To describe Alastair as precious is like saying Isadora Duncan accessorised poorly.
The German illustrator, born in 1887, known to his circle as Hanaël and to his passport as Hans-Henning von Voigt, was a singular creation as affected as his art and as artificial as his alias.
In his drawings, Alastair took Aubrey Beardsley’s feverish monochromes as a starting point, investing folds of fabric with as much expressive power as faces or gestures. But the page couldn’t monopolise Alastair’s prodigious gifts. His very life was a production in which he would dance at intimate soirees, dressing his own sets and even providing the musical interludes; he was a good enough pianist to duet with the brilliant cellist Pablo Casals.

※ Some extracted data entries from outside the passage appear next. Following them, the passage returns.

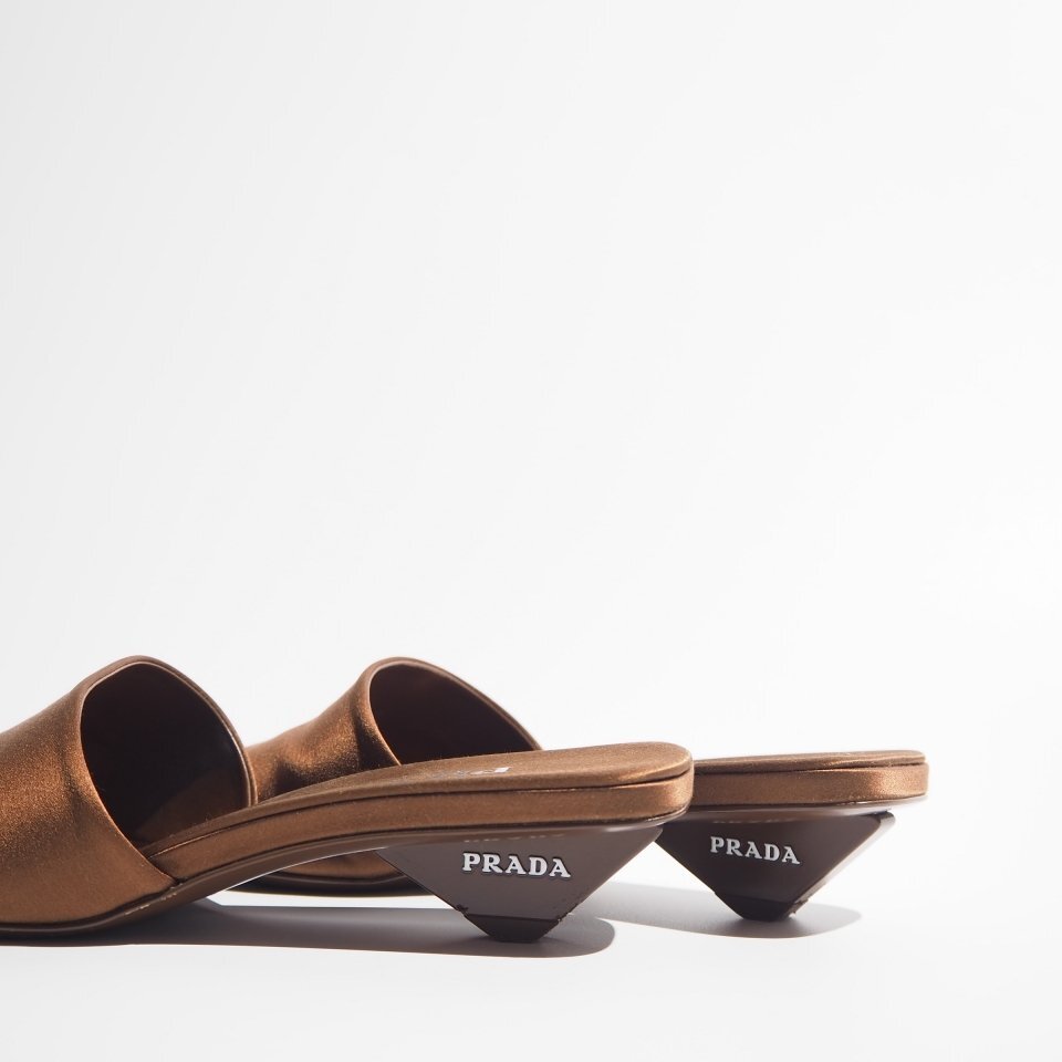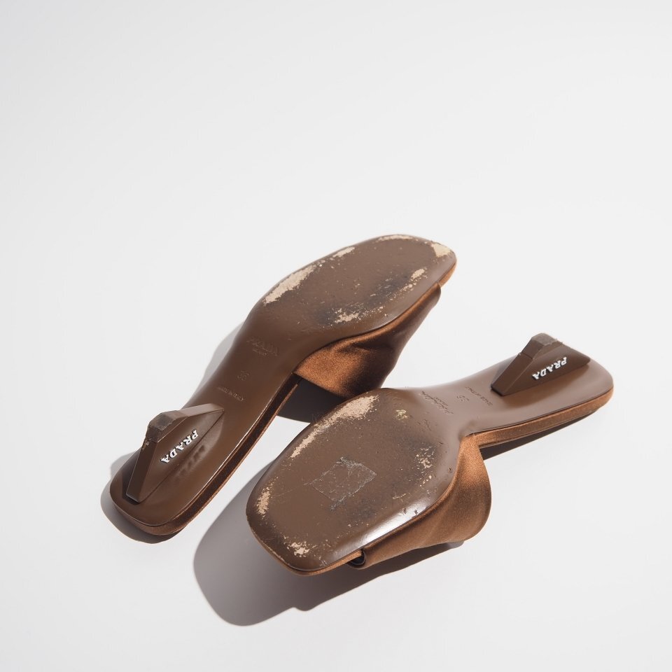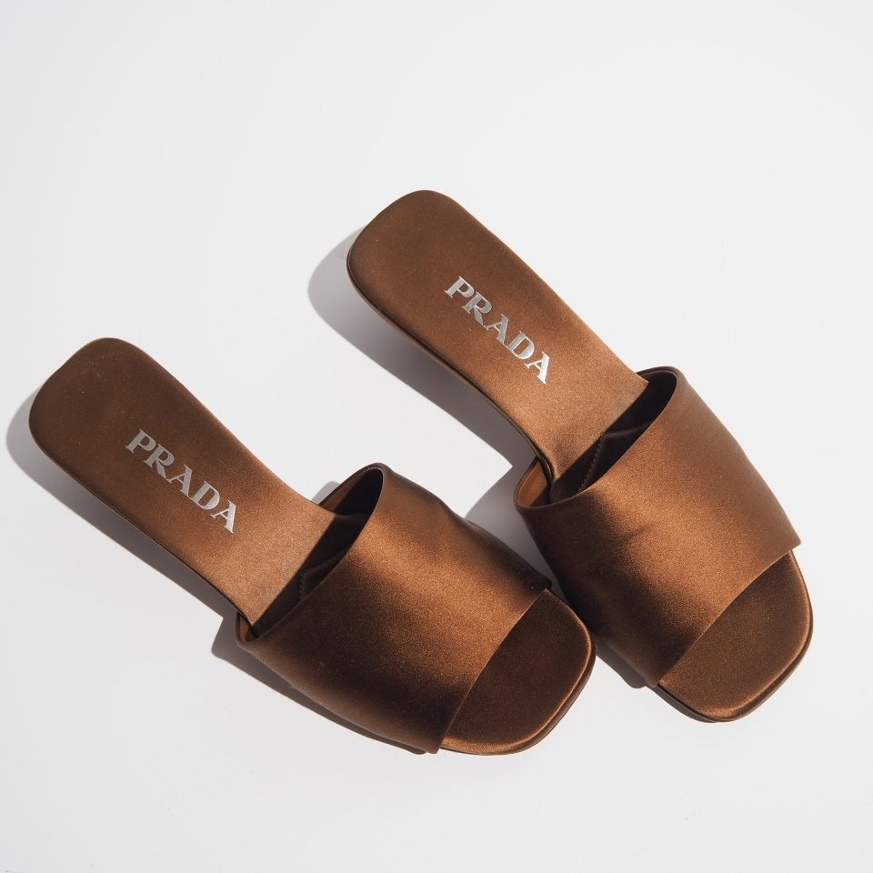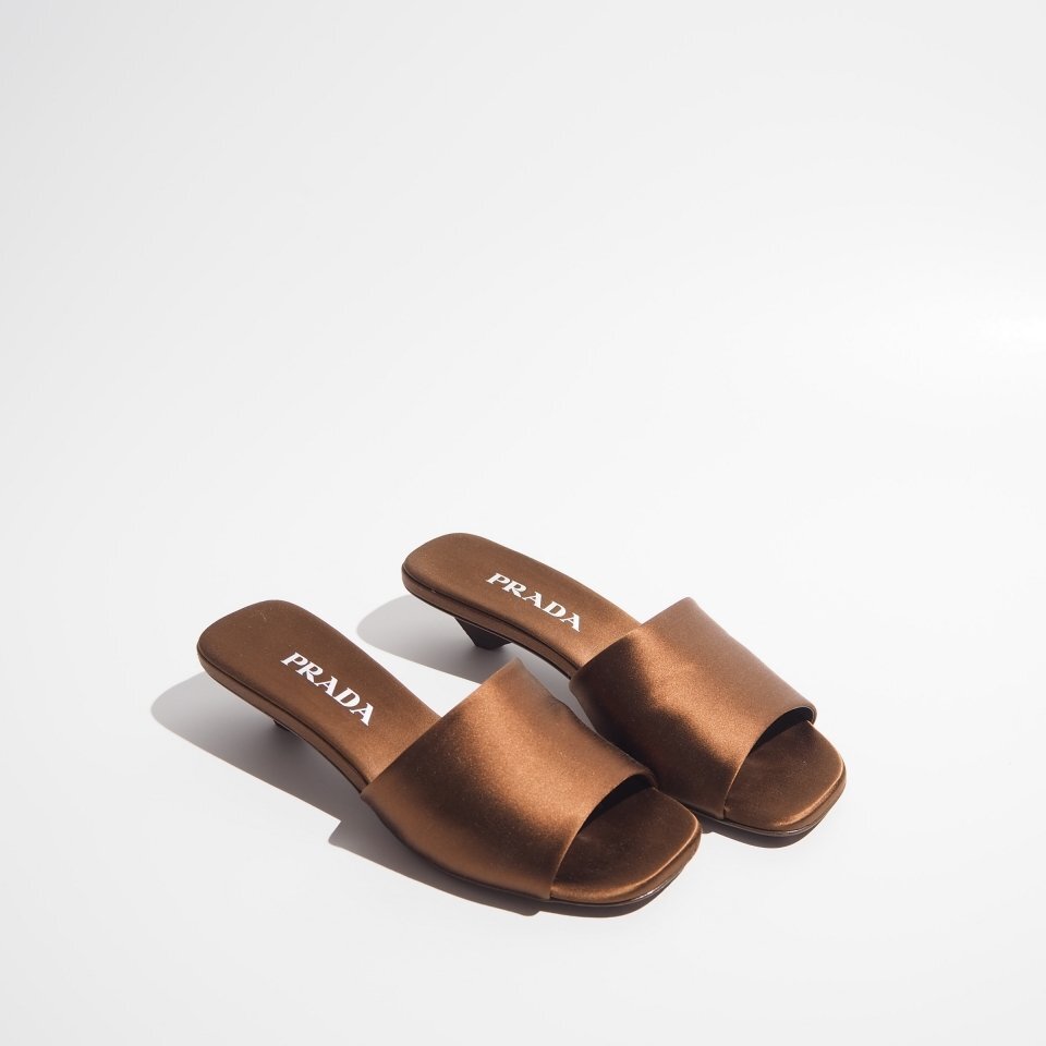 R1788P ▼PRADA プラダ▼ 24SS ロゴヒール サテン サンダル ブラウン 36/23cm シューズ ミュール 春夏 rb mks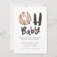Espelhado com convite para chás de fraldas de rosquinha amorosa. Ilustrações de aquarela e texto com letra manual. Parte de uma coleção.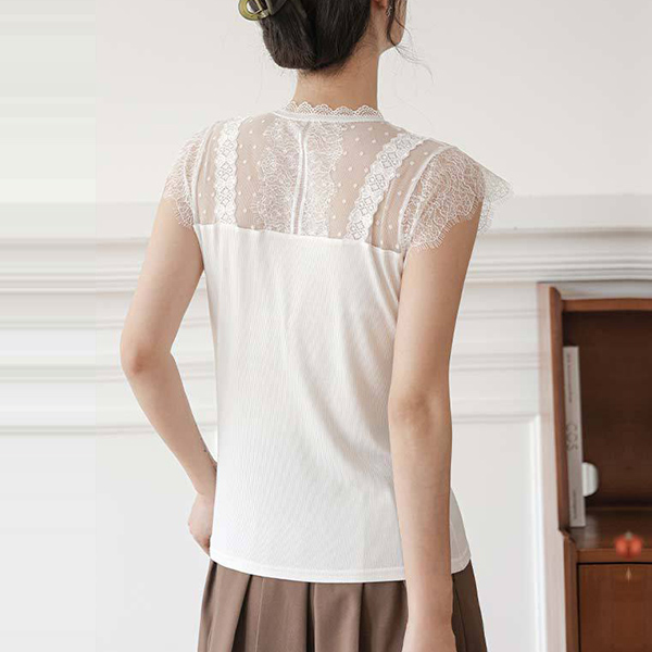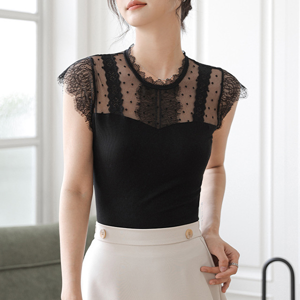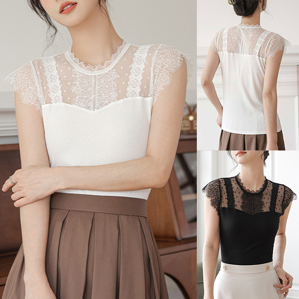 Sexy See-through Lace Spliced Sleeveless Round Neck T-shirt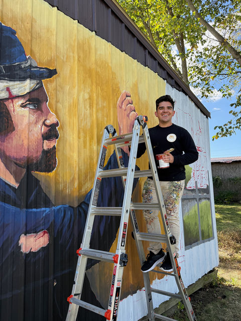 The Brandy Station Foundation hired local artist Layton Scarbrough to create a mural for a large shed next to its Graffiti House in Brandy Station. The artist completed the mural on Friday, October 10th. He did an excellent job of conceptualizing a composition, and then worked with the board of the Brandy Station Foundation as board suggestions and alternate sketches by the artist were generated and reviewed. The selected mural depicts soldiers who would have been in the house at different periods during the Civil War, one recovering from battle, and the other sketching a woman on the plaster wall of the Graffiti House. Outside a window, the mural depicts a train passing on the track behind the Graffiti House known as the Orange and Alexandria Railroad during the Civil War. Click on a photo below to view a larger image of the mural.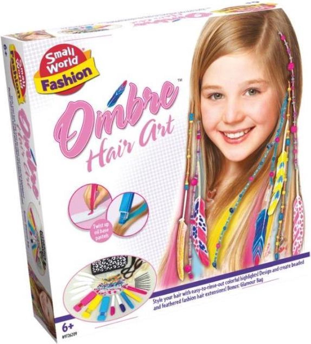 Kleur je haar en versier het met leuke zelfgemaakte accessoires. 6+. Wil je deel uitmaken van de coolste en meest fashionable trend? Wil je roze of blauwe strepen in je haar vandaag? Of misschien kleurrijke gestreepte highlights met speciale haardecoratie? Ombre ? een trendy kit voor creatieve haarontwerpen! Een coole kit voor natuurlijke haarstijlen met een kleurrijke twist! Doe highlights, kleur en kralen in je haar! Inhoud:* 3 pastel haarkleuren gemaakt van olie in speciale plastic houders (elk 3,76 gr)* 3 artificiële haarextensions: blond, bruin en zwart (elk ongeveer 30cm lang)* speciale kralen (ongeveer 1500) in verschillende kleuren en vormen* 6 veren* 3 stiften om de veren te kleuren* 9 haarspeldjes * nylon touw (ongeveer 4m)* 1 naald* Make-up tas om zelf in te kleuren (16x11cm)* 2 speciale textielstiften

Alastair also came with his own costumes. Italian poet Gabriele d’Annunzio recalls a memorable Parisian scene on the eve of World War I, which found the artist dressed in priestly blue brocade robes performing “gothic dances” around a gilded unicorn. Publisher and poet Caresse Crosby relates of her first meeting with Alastair in 1927, “a blackamoor ushered us into a room where there was a black piano with a single candle burning on it. Soon Alastair himself appeared in the doorway in a white satin suit; he bowed, did a flying split and slid across the polished floor to stop at my feet, where he looked up and said, ‘Ah, Mrs. Crosby!’”
What’s not to like?
One of the most remarkable aspects of Alastair’s improbable existence was how few spectators there were for all this performative fabulousness. He was a one-man chamber opera whose audience was just a handful of like-minded friends, or no-one at all. This wasn’t attention-seeking as we understand it, or a cry for help, or even an act of conscious rebellion; it was the magnificent flowering of rare talents and rarer tastes. He was as he was because he could not be otherwise.
Alastair’s relations with the outside world were at best distant and he maintained his aesthetic autonomy until the end. An associate remembers him in his eighties with powdered white face, bold black eyebrows, black silk shoes poking out from the voluminous trousers of a ruby-red silk suit and “a whiff of perfume from another world”.
There were few to mourn Alastair when he died on this day 40 years ago. Most of his small, exclusive set were dead, and his life and work were so unique that he can’t properly be described as an influence on anyone or anything. Although his model of arch, alien glamour can be seen in the further reaches of 1970s glam rock, this was mere coincidence. In the end Alastair was a symbol of nothing but himself.